(Given records)

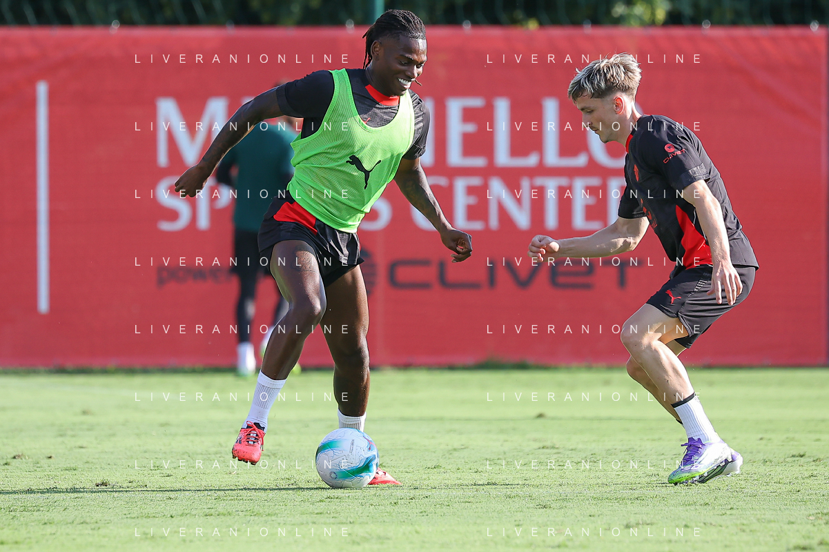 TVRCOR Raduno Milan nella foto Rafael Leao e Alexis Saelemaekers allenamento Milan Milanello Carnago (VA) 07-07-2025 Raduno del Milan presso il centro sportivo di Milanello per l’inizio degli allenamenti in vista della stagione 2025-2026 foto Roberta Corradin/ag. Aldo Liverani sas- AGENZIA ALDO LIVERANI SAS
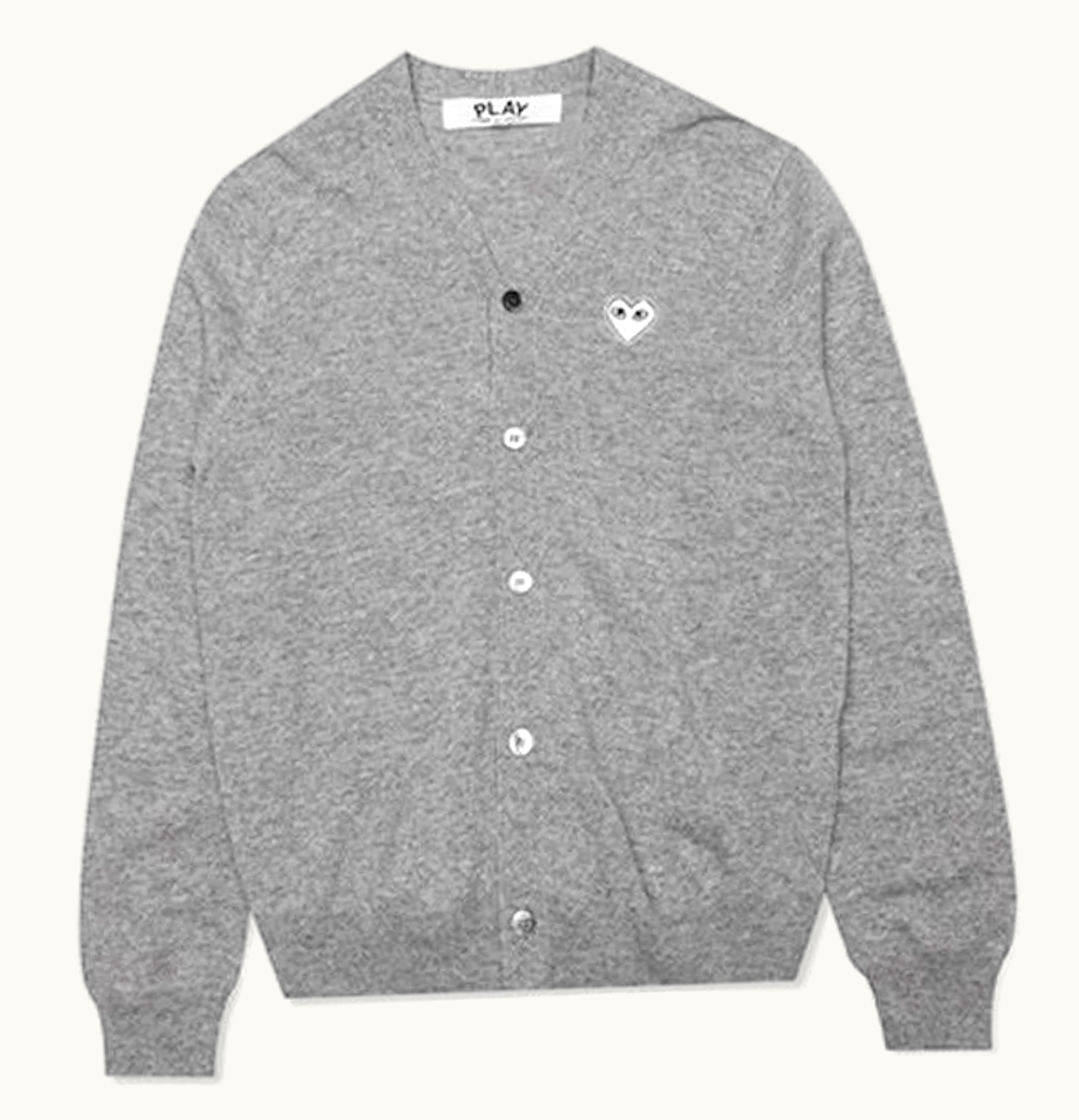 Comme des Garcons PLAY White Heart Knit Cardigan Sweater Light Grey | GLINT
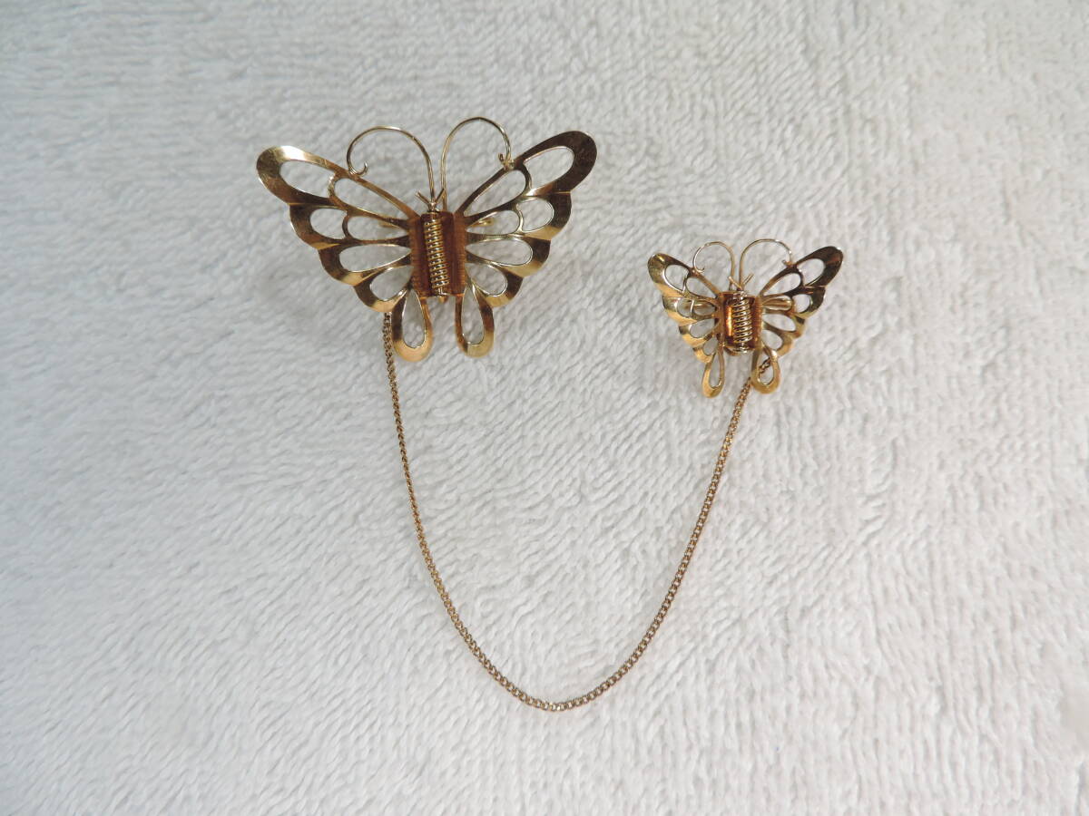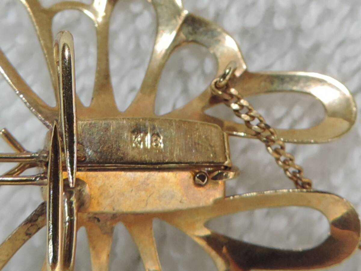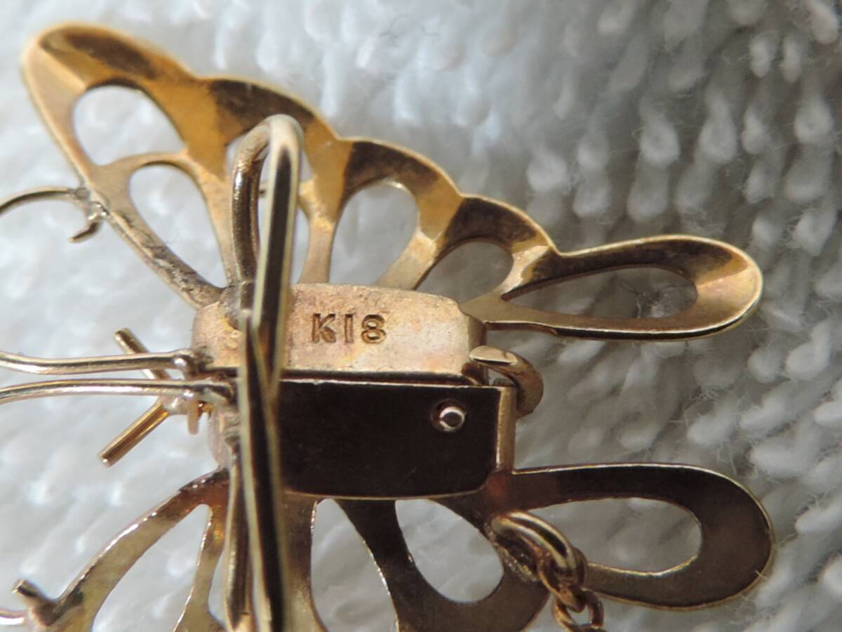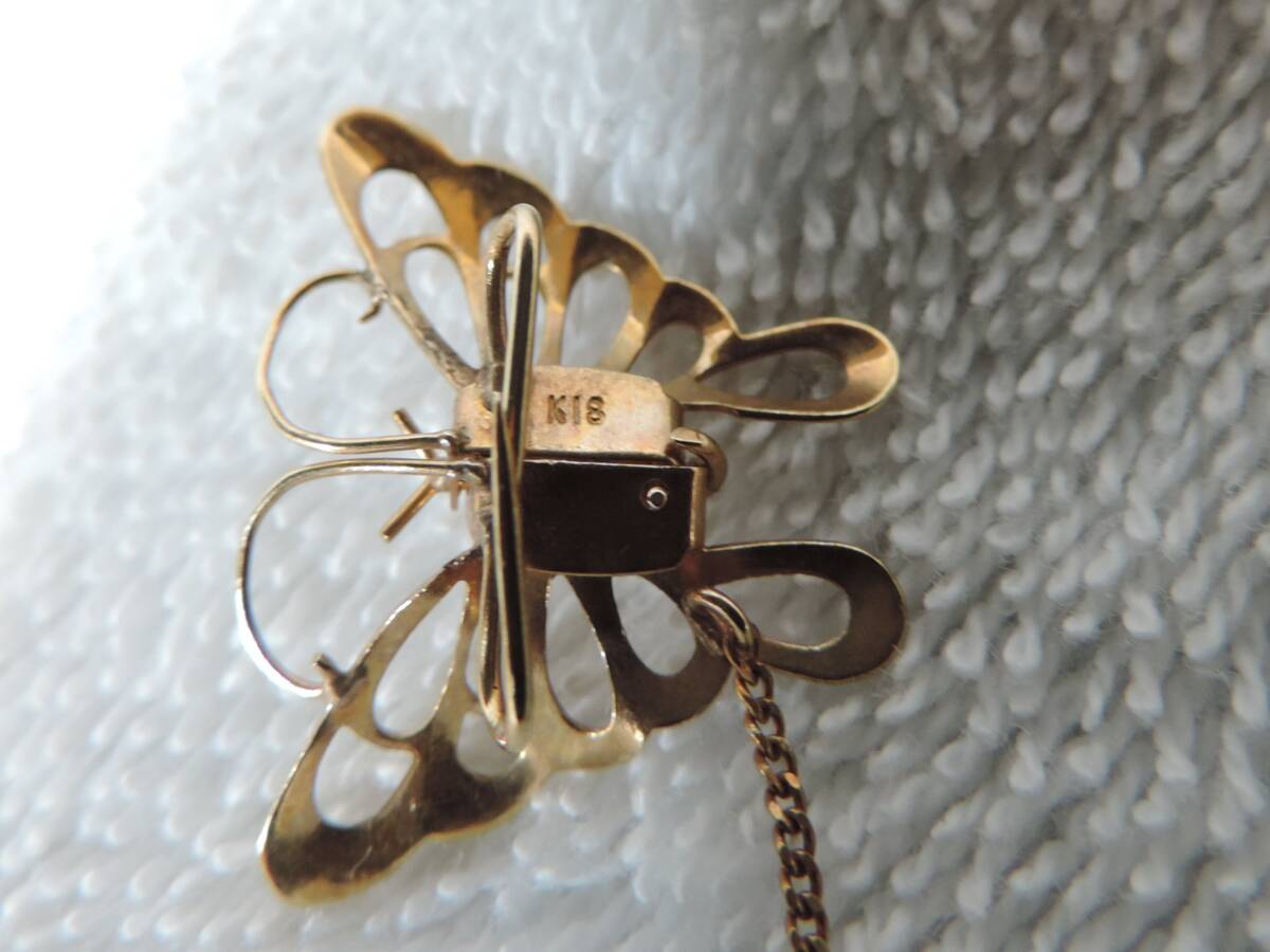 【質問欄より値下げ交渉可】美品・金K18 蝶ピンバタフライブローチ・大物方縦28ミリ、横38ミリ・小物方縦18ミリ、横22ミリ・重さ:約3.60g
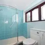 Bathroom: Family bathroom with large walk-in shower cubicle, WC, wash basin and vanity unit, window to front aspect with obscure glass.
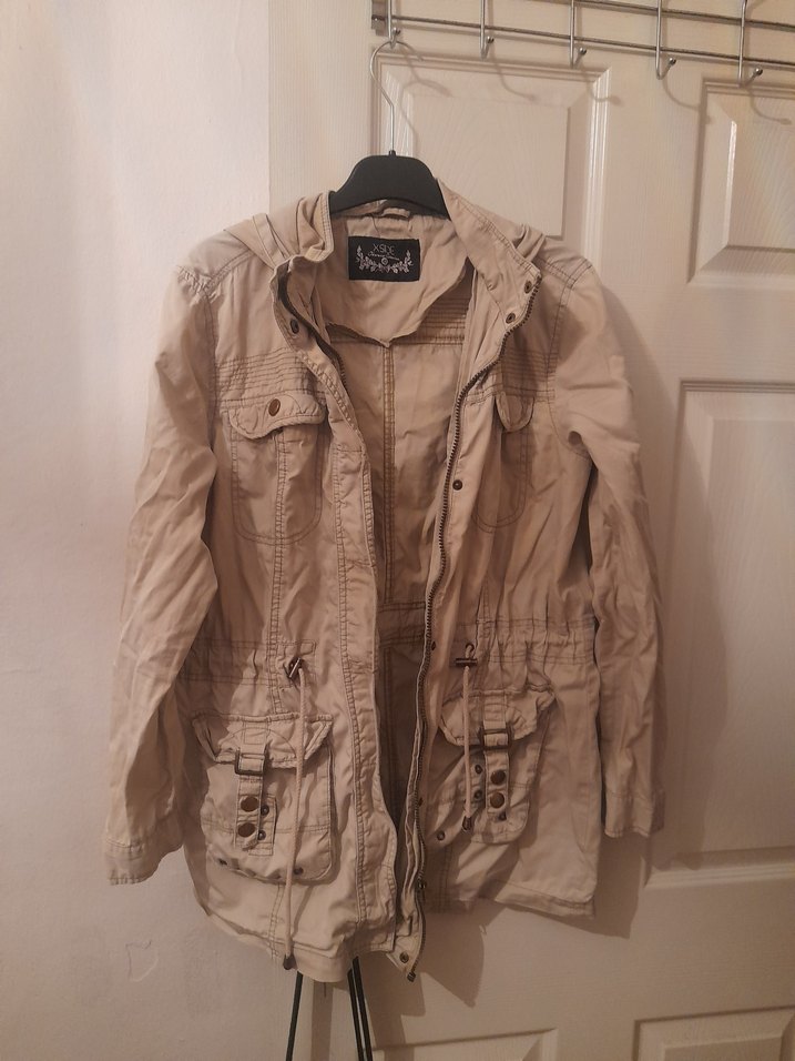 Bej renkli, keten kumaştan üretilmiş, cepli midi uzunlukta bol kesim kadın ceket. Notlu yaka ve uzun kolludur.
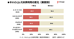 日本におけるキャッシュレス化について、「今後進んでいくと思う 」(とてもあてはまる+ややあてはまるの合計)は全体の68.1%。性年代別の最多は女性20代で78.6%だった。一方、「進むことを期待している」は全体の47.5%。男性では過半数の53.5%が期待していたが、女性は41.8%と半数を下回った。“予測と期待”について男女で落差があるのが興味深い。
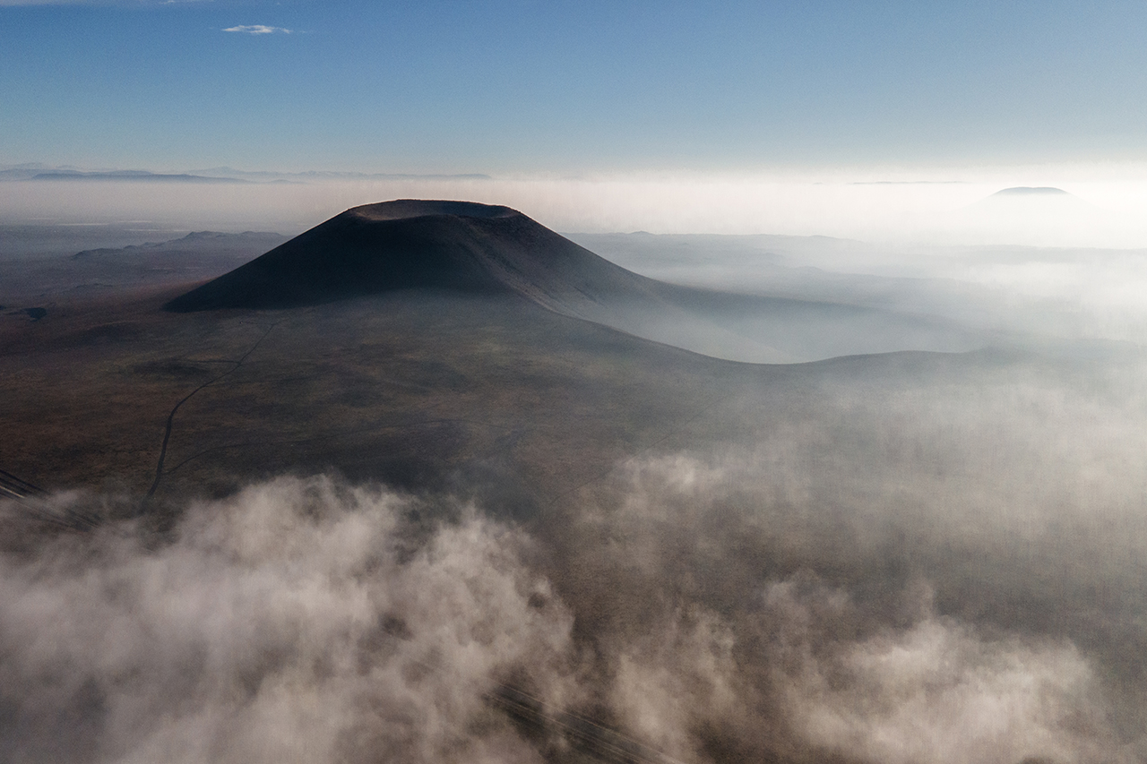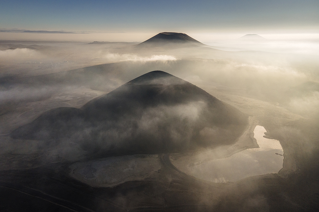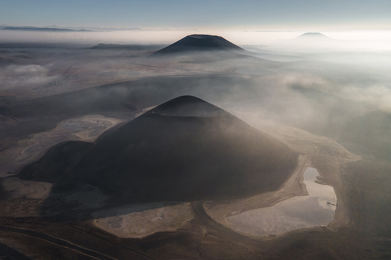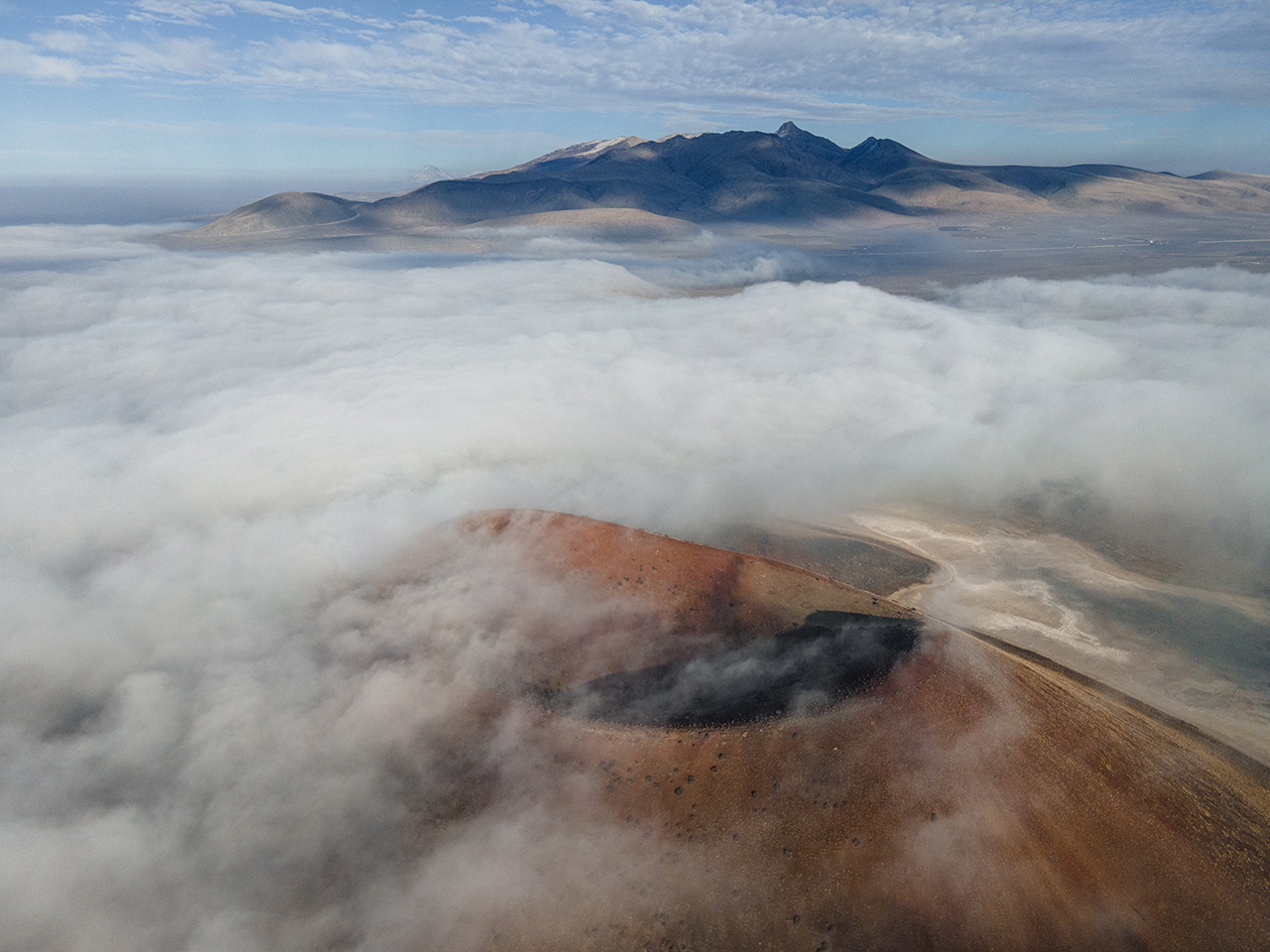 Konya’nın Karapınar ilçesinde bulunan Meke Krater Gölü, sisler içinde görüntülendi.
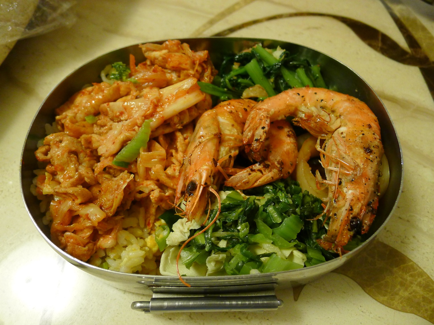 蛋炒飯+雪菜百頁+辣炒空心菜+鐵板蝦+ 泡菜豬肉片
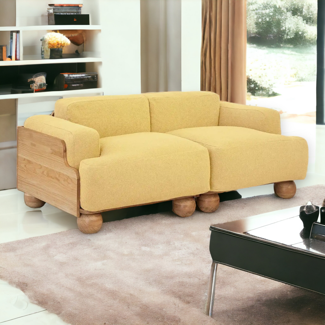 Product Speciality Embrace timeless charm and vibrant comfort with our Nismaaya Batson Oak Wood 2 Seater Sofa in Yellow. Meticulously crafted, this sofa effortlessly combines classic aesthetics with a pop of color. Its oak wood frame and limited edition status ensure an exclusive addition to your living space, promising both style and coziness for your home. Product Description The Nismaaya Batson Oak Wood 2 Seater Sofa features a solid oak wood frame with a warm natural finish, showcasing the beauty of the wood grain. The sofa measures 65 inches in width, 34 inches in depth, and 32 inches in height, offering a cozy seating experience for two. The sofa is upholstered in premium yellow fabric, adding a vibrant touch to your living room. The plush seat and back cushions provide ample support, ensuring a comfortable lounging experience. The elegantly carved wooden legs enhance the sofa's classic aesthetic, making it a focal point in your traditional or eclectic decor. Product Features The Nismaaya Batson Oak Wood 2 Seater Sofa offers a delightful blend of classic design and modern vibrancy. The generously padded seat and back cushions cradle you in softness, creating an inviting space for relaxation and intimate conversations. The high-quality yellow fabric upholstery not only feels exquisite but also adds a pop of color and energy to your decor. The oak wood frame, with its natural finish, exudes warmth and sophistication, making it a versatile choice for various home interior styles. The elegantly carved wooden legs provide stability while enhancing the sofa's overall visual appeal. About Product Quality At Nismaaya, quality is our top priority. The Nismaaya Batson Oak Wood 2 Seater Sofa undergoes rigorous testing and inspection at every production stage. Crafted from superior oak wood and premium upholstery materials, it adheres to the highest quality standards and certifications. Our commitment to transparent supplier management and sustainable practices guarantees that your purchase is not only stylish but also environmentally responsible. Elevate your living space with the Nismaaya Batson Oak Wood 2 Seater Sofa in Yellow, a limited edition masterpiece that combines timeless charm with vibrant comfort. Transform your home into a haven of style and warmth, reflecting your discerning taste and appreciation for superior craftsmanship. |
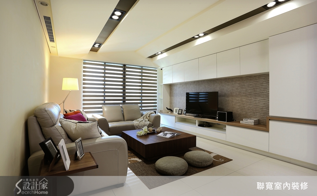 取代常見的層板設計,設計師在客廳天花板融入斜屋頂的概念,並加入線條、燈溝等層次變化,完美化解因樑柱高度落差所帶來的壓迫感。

(End Given records)

The output is the stretch above from the line with "Bathroom: Family bathroom" through the line with "Bej renkli, keten", copied word for word with both ends kept and every picture dropped.

Completed exercise:
 Bathroom: Family bathroom with large walk-in shower cubicle, WC, wash basin and vanity unit, window to front aspect with obscure glass.
 Bej renkli, keten kumaştan üretilmiş, cepli midi uzunlukta bol kesim kadın ceket. Notlu yaka ve uzun kolludur.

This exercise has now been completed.